The result as follows from special configuration of merge [Nine Circle Theorem](https://mathworld.wolfram.com/NineCirclesTheorem.html) and [Eight Circle theorem](https://vi.wikipedia.org/wiki/%C4%90%E1%BB%8Bnh_l%C3%BD_t%C3%A1m_%C4%91%C6%B0%E1%BB%9Dng_tr%C3%B2n) but it is new:

Problem: Let three circle $(A)$, $(B)$, $(C)$ , let $A_c$ be arbitrary point in the circle $(C)$. Construct the circle $(O_1)$ through $A_c$ tangent to $(C)$ and $(B)$, denote $(O_1)$ tangent to $(B)$ at point $A_b$; Construct the circle $(O_2)$ through $A_b$ tangent to $(B)$ and $(A)$, denote $(O_2)$ tangent to $(A)$ at point $B_a$; Construct the circle $(O_3)$ through  $B_a$ tangent to $(A)$ and $(C)$, denote $(O_3)$ tangent to $(C)$ at point $B_c$; Construct the circle $(O_4)$ through $B_c$ tangent to $(C)$ and $(B)$, denote $(O_4)$ tangent to $(B)$ at point $C_b$; Construct the circle $(O_5)$ through  $C_b$ tangent to $(B)$ and $(A)$, $(O_5)$ tangent to $(A)$
at point $C_a$; Construct the circle $(O_6)$ through $C_a$ tangent to $(A)$ and $(C)$, then

[![enter image description here][1]][1]
1) By the [Nine Circle Theorem](https://mathworld.wolfram.com/NineCirclesTheorem.html) $O_6$ also tangent to $(O_1)$ but new: the point of tangency is $A_c$. 
2) Six points $A_c, A_b, B_a, B_c, C_b, C_a $ lie on a circle.
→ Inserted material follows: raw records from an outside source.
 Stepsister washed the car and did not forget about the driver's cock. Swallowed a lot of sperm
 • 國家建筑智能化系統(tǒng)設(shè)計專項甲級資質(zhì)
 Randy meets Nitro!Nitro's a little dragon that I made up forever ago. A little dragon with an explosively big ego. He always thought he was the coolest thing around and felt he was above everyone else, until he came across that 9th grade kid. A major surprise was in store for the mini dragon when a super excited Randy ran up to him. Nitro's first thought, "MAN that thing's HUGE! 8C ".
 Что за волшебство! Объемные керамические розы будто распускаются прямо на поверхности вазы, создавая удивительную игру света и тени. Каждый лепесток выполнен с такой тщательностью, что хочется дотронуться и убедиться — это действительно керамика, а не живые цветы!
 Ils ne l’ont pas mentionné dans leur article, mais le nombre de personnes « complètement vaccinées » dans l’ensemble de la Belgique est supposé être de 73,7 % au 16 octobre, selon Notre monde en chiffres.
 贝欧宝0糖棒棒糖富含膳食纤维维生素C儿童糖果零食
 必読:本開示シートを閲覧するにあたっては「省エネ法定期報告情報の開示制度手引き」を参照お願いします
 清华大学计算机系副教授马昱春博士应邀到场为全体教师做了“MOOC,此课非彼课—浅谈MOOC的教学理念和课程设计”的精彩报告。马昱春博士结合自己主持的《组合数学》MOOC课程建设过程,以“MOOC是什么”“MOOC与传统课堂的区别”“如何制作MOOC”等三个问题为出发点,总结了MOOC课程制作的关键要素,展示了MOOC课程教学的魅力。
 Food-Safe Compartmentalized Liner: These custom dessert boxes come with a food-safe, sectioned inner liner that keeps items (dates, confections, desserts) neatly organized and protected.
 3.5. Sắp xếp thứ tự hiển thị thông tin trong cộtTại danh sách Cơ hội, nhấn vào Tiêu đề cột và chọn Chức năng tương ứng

**Remarks**: This result 2. show that this configuration is special configuration of [Eight Circle theorem](https://vi.wikipedia.org/wiki/%C4%90%E1%BB%8Bnh_l%C3%BD_t%C3%A1m_%C4%91%C6%B0%E1%BB%9Dng_tr%C3%B2n), when two big circles coincide, please see [Eight Circle theorem](https://vi.wikipedia.org/wiki/%C4%90%E1%BB%8Bnh_l%C3%BD_t%C3%A1m_%C4%91%C6%B0%E1%BB%9Dng_tr%C3%B2n)

3) Three lines $O_1O_4, O_2O_5, O_3O_6$ are concurrent;
4) Three lines $AO_1, BO_3, CO_5$ are concurrent
5) Three line $AO_2, BO_4, CO_6$ are concurrent
6) The points of concurrence in (3), (4), (5) are collinear.

>> **Question**: I am looking for a proof the result above

  [1]: https://i.sstatic.net/J9Xn8.png